The Financial Conduct Authority (FCA) said the hedge fund tycoon had deliberately attempted to thwart an investigation into his conduct by executives at his company Odey Asset Management following a wave of sexual harassment allegations by more than one dozen women
On Christmas Eve 2021, Odey, 65, used his powers as a majority shareholder to fire the company’s entire executive management committee, less than two weeks before he faced a disciplinary hearing.
After appointing himself as the sole member of the committee, Odey postponed the investigation indefinitely, claiming that he would be “incapable of carrying it out impartially.”
He then made a similar move in March 2022, unilaterally dismissing the committee’s replacement members. He again named himself as the sole member amid disagreement over the hearing, which was finally held in November after a second reshuffle.
In a warning notice published yesterday, the FCA said Odey had shown “reckless disregard” for the firm’s governance processes and had used “inappropriate means to protect his own interests”.
The regulator added that the fund manager’s conduct in addressing its investigations demonstrated that Odey “lacks integrity.”
As a result, the FCA said it was proposing to take action against the tycoon, which could result in an unlimited fine, as well as a ban from working in the city or a public reprimand. Odey has been contacted for comment.

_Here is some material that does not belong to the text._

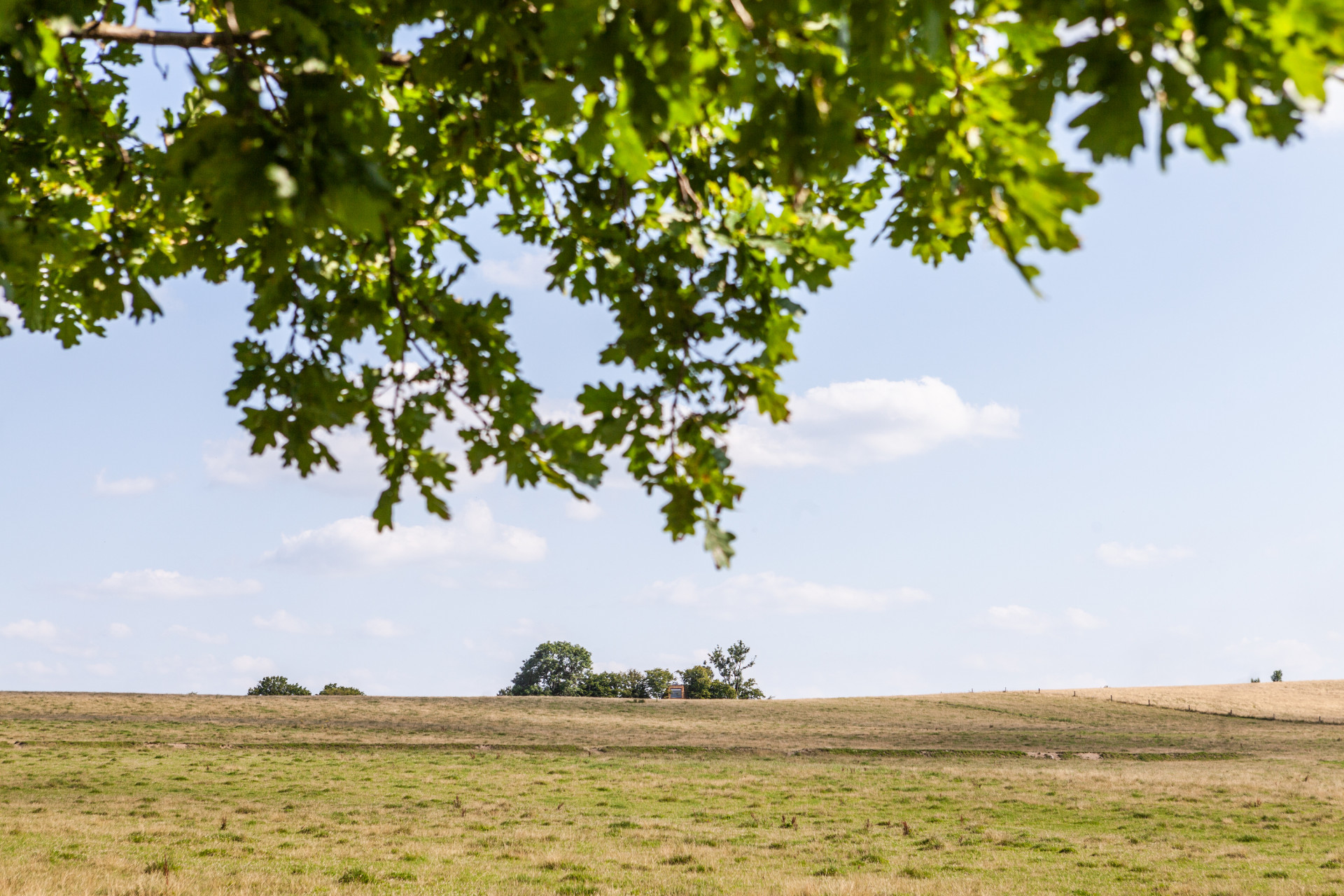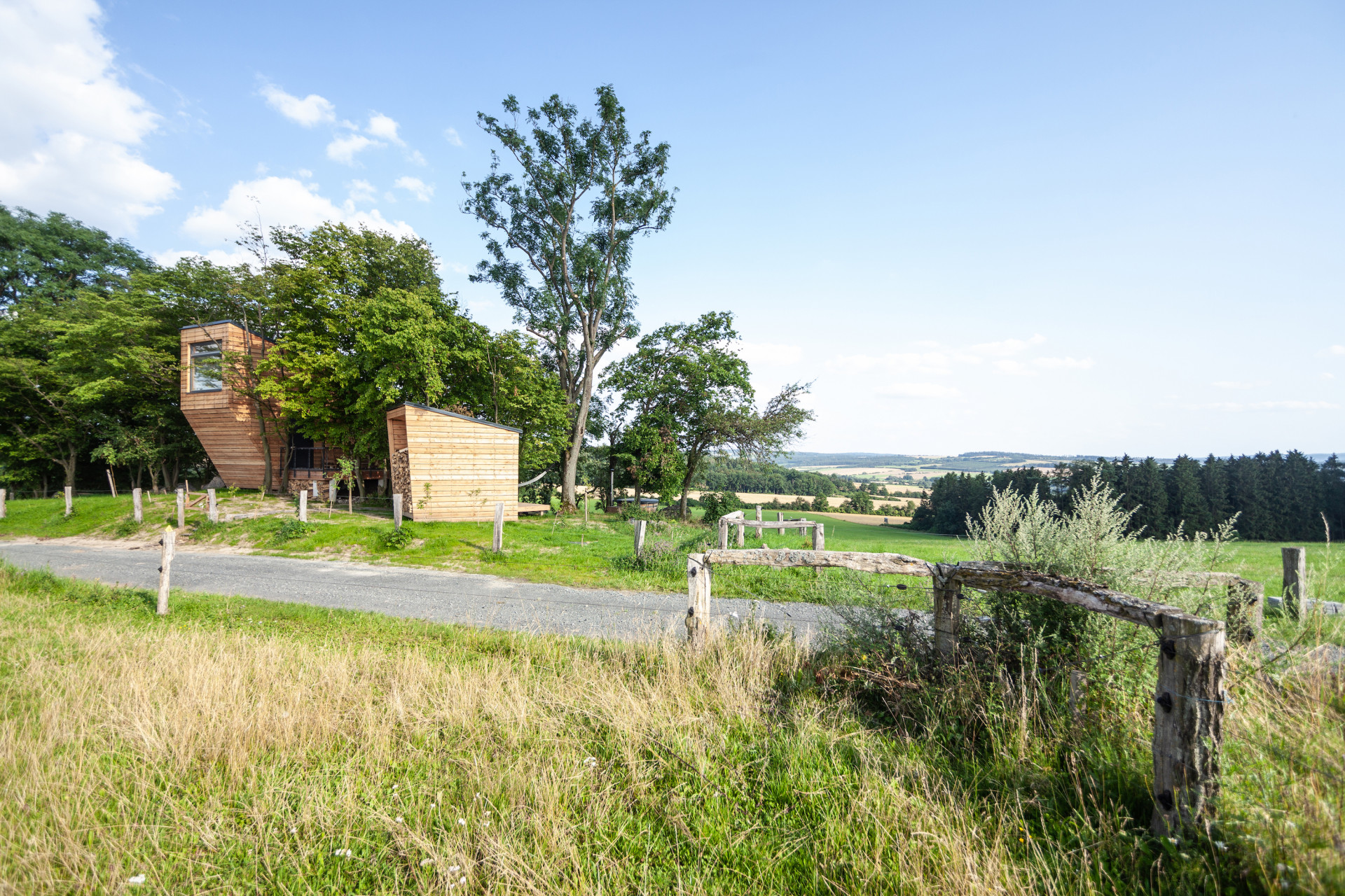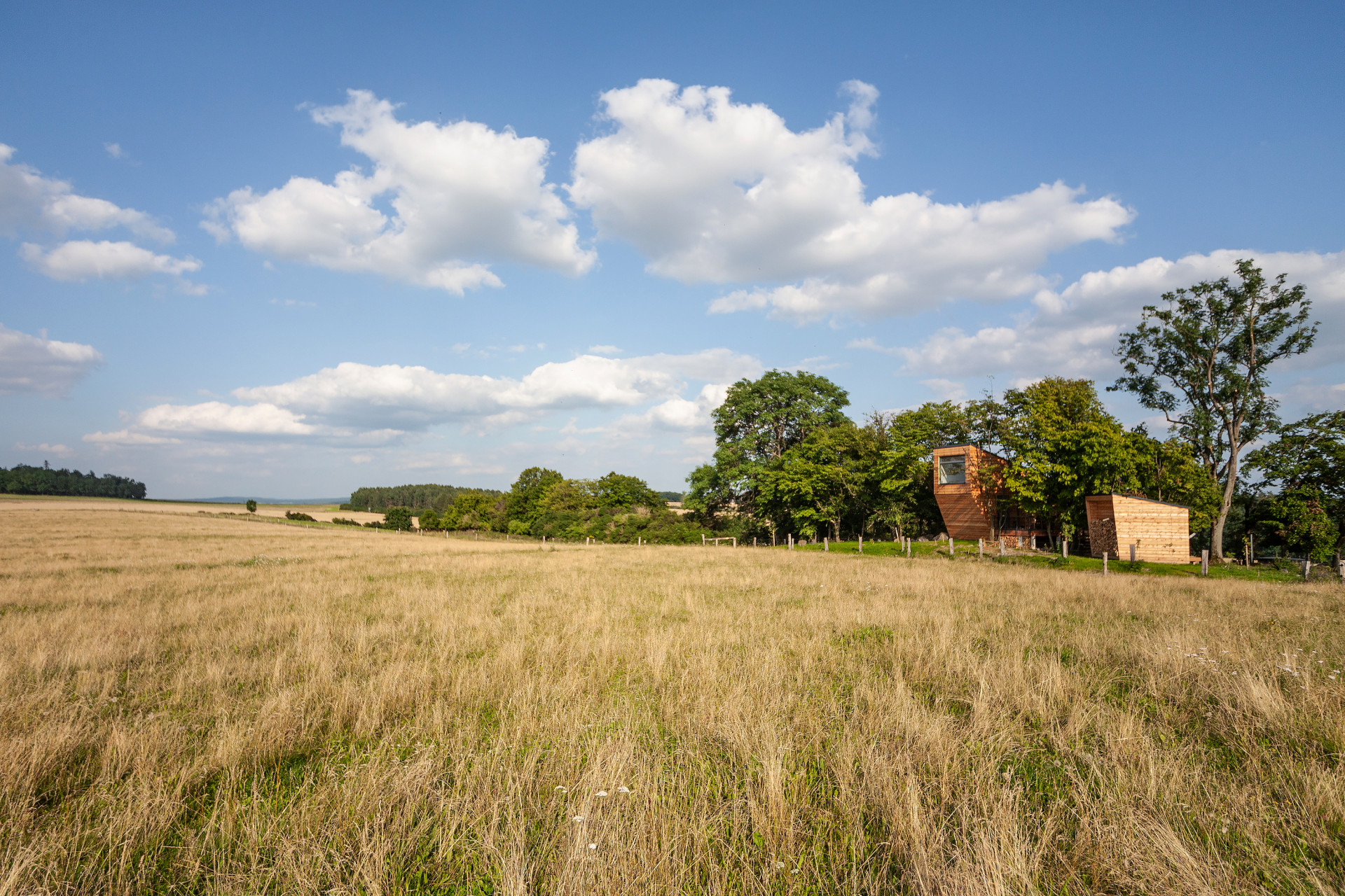 Dřevěná útulna usazená mezi pastvinami zastíněna stromy

The regulator’s decision is not final and Odey can challenge it.
But the FCA’s damning assessment is another blow to the fund manager’s damaged reputation.
His empire began to collapse last year following the publication of allegations of sexual harassment and misconduct against him, which he denies.
They related to alleged incidents that occurred between 1998 and 2021 involving 13 women who had worked for Odey Asset Management or had professional dealings with Odey.
The claims led major clients, including banks such as JP Morgan, to withdraw money from the funds.
The company, founded by Odey in 1991, ultimately decided to close the business and move its funds and managers elsewhere.
In June, it was revealed that Odey had taken a £37m hit over the process.
The FCA announcement comes as Odey faces a personal injury lawsuit brought by five of his alleged victims in civil court.